■ WORK REQUEST ■
In the entries below, which lines run from the one containing "I’d like to" to the one containing "subham93 Posted January"? Copy exactly those lines, ends included, and no others.

■ DATA ■
== Segment start ==

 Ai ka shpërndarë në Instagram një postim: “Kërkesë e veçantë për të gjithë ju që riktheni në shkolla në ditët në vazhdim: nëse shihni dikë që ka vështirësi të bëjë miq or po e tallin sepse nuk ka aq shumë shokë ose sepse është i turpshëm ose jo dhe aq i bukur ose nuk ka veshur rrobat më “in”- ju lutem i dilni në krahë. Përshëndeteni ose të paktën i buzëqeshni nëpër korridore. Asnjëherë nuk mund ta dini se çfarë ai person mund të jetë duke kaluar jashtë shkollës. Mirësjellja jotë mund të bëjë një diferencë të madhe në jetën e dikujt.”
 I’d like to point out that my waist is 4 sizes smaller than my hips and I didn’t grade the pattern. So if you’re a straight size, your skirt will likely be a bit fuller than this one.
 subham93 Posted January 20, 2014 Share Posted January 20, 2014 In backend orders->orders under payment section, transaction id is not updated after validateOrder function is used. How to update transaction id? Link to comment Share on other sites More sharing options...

== Segment end ==
== Segment start ==

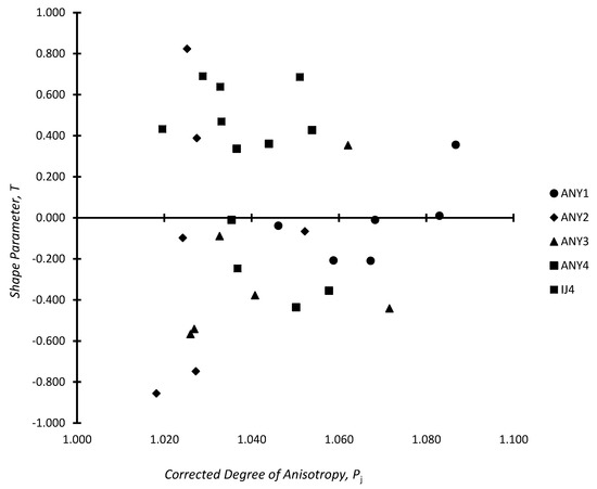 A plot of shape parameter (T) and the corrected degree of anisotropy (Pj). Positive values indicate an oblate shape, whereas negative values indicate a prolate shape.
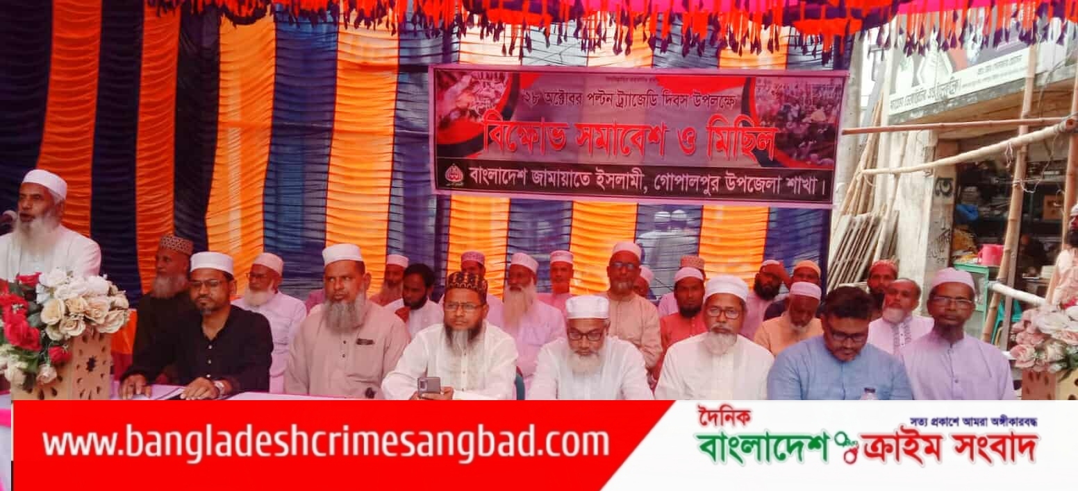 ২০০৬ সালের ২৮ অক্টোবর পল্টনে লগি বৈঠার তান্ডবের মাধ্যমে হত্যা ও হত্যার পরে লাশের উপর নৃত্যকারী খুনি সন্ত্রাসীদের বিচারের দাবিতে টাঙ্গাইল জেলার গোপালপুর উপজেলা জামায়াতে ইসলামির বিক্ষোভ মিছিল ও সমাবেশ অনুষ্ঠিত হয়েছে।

== Segment end ==

■ WORKED SOLUTION ■
 I’d like to point out that my waist is 4 sizes smaller than my hips and I didn’t grade the pattern. So if you’re a straight size, your skirt will likely be a bit fuller than this one.
 subham93 Posted January 20, 2014 Share Posted January 20, 2014 In backend orders->orders under payment section, transaction id is not updated after validateOrder function is used. How to update transaction id? Link to comment Share on other sites More sharing options...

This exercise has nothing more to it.